# I haven't been goosed in 3 days



## Lundy (Apr 5, 2004)

After 5 long weeks of fighting off the geese the battle seems to be coming to a close.

I knew if I could keep them out long enough for them to have to select another nest site that the frequency of attacks would diminish. 3 days now and no real attempts by the geese to take over. A few fly overs each morning but no attempts to land.

The battle plan used coyote decoys, mylar balloons, clearing and building a bridge to the island that they use for nesting and the use of the bird bangers. The bird bangers and the screamer shells were and are extremely effective deterrents.

For those of you that think I've gone "caddy shack" with these geese, you really need to see all of the goose droppings 13 geese can leave around your house and the effect they have on the water quality of a pond.


----------



## Snakecharmer (Apr 9, 2008)

Those things are fertilizer machines. b4 we moved, my neighbor had a nice pond and we had to dodge landmines and bombs on the lawn...It's bad when you have kids under 5....I hope you didn't send them north.


----------



## Fishman (Apr 5, 2004)

Haha!
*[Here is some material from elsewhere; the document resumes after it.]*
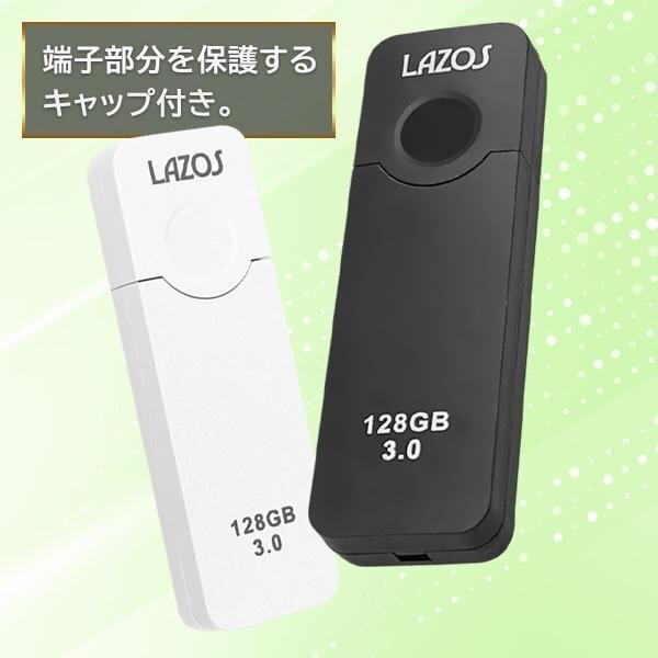 たっぷり保存!大容量128GBのUSBメモリ。 端子部分を保護できるキャップ付き。 | |

Very nice lundy! Was at a pond a few days ago reinstalled a fountain and a goose had litterally built her nest, had 5 eggs, and got the best of me a few times, right where I needed to work  Regardless, stay on top of them.. they're a mess.


----------



## [email protected] (Dec 22, 2006)

They can poop 10 times per hour and almost a pound per day and are damaging water quality....

http://blog.cleveland.com/metro/2009/03/geese_droppings_might_be_raisi.html


----------



## Mushijobah (May 4, 2004)

You did it! Keep a keen eye out, though! I can't stand those freakin creatures during the spring.


----------



## Fishman (Apr 5, 2004)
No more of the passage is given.